Alterung in Botas: Sherry wird in traditionellen Eichenfässern, den sogenannten Botas, gelagert. Diese sind weniger als zur Hälfte gefüllt, um die Bildung von Florhefe zu ermöglichen.

Verbotene Mischung: Im Jahr 1996 verbot die EU die Bezeichnung "Sherry" für Weine außerhalb der Region Jerez, um die Authentizität zu schützen.

Kalorienbewusst: Trockene Sherrys wie Fino und Manzanilla sind kalorienarm und somit gut für gesundheitsbewusste Weinliebhaber geeignet.

Unterschiedliche Bodenarten: Die Albariza-Böden der Region sind besonders gut geeignet, um Wasser zu speichern, was den Trauben in den trockenen Sommermonaten zugutekommt.

Verwendung in der Küche: Sherry wird häufig in der spanischen Küche eingesetzt, um Saucen und Marinaden zu verfeinern und den Gerichten Tiefe und Geschmack zu verleihen.

Internationaler Einfluss: Obwohl Sherry aus Spanien stammt, hat er weltweit viele Anhänger, besonders in Großbritannien, wo er seit Jahrhunderten geschätzt wird.
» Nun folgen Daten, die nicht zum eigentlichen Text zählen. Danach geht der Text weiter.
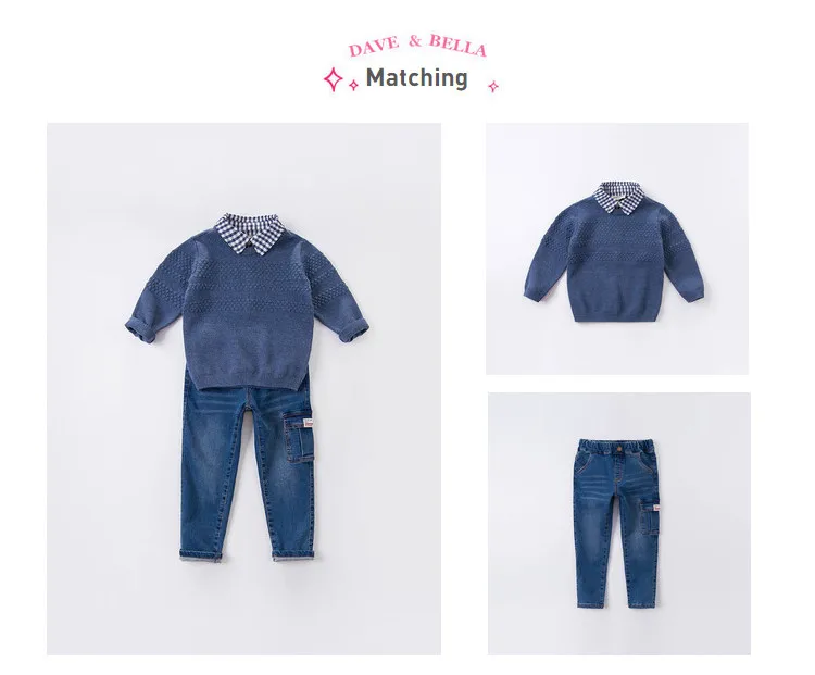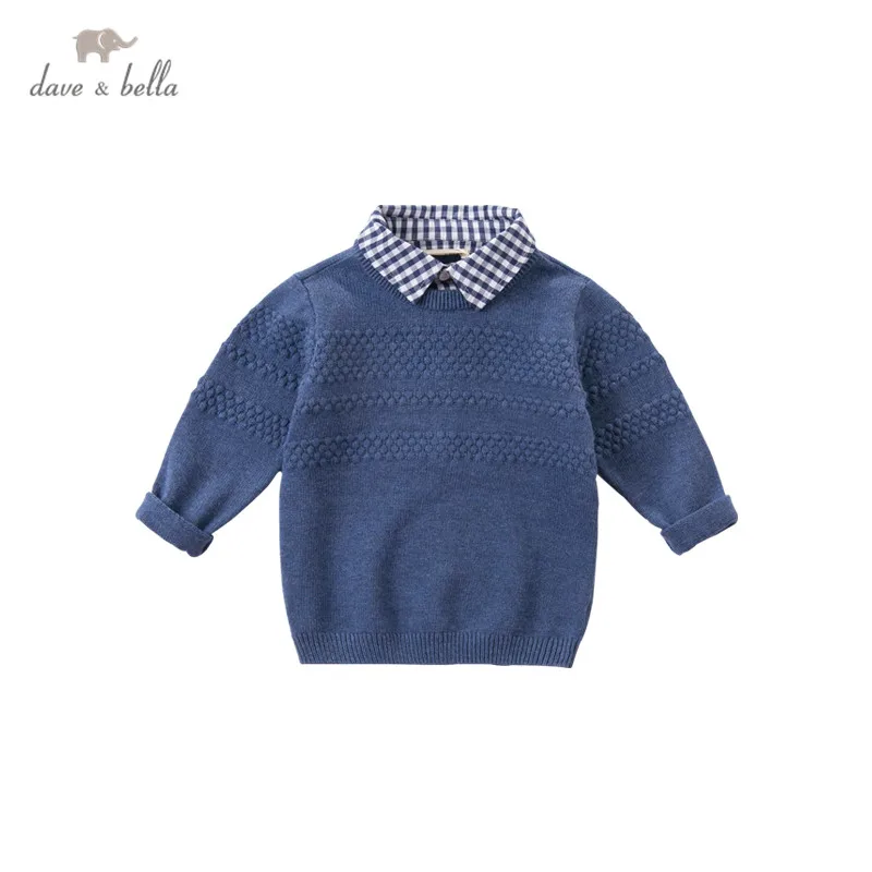 Детский клетчатый свитер для мальчиков DK16246, Модный трикотажный свитер для маленьких мальчиков, милый вязаный свитер для малышей

Sherry-Tourismus: Die Region um Jerez zieht jährlich tausende von Touristen an, die die Bodegas besuchen und die Vielfalt der Sherrys vor Ort entdecken.

Vielfalt der Aromen: Sherry bietet ein Spektrum von über 300 Aromen, von Zitrus und grünem Apfel bis hin zu Haselnuss und geröstetem Kaffee.